Il governo norvegese ha dichiarato venerdì 23 Febbraio l’intenzione di investire 100 milioni di corone (13 milioni di dollari) per apportare migliorie al deposito di sementi (Svalbard seed Vault) costruito nel 2008 dentro una montagna sull’isola di Spitsbergen nell’arcipelago delle Svalbard, con l’obiettivo di resistere al tempo. Il deposito di semi delle Svalbard è il più grande del mondo e raccoglie e conserva oltre 900.000 tipi di colture, da utilizzare in caso di disastri (catastrofi naturali, conflitti anche nucleari).

L’ingresso del deposito, il giorno dell’inaugurazione 26 febbraio 2008 (Larsen, Hakon Mosvold/AFP/Getty Images)

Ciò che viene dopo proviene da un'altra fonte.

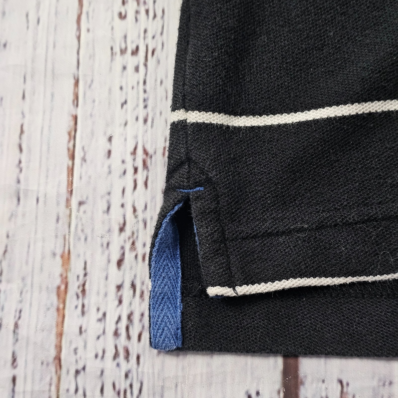 Nautica Performance Deck Shirt Black Striped Short Sleeve Polo Shirt Men's L

Il primo “backup”  agricolo è avvenuto con successo, a seguito del danneggiamento nel 2015 di un deposito di sementi nei pressi della città siriana di Aleppo, alcune varietà di colture sono state prelevate, donate e di nuovo depositate. Secondo il ministro per l’agricoltura Jon Georg Dale lo Svalbard Seed Vault rappresenta un’assicurazione sul futuro alimentare delle generazioni a venire.

L’upgrade amplierà la struttura, che sul finire del 2016 si è allagata a causa dell’improvviso scongelamento del permagelo (suolo tipico dei climi freddi), verrà costruito un nuovo tunnel per accedere alla struttura, così come un edificio di servizio che ospiti generatori d’emergenza, unità refrigeranti e altri strumenti.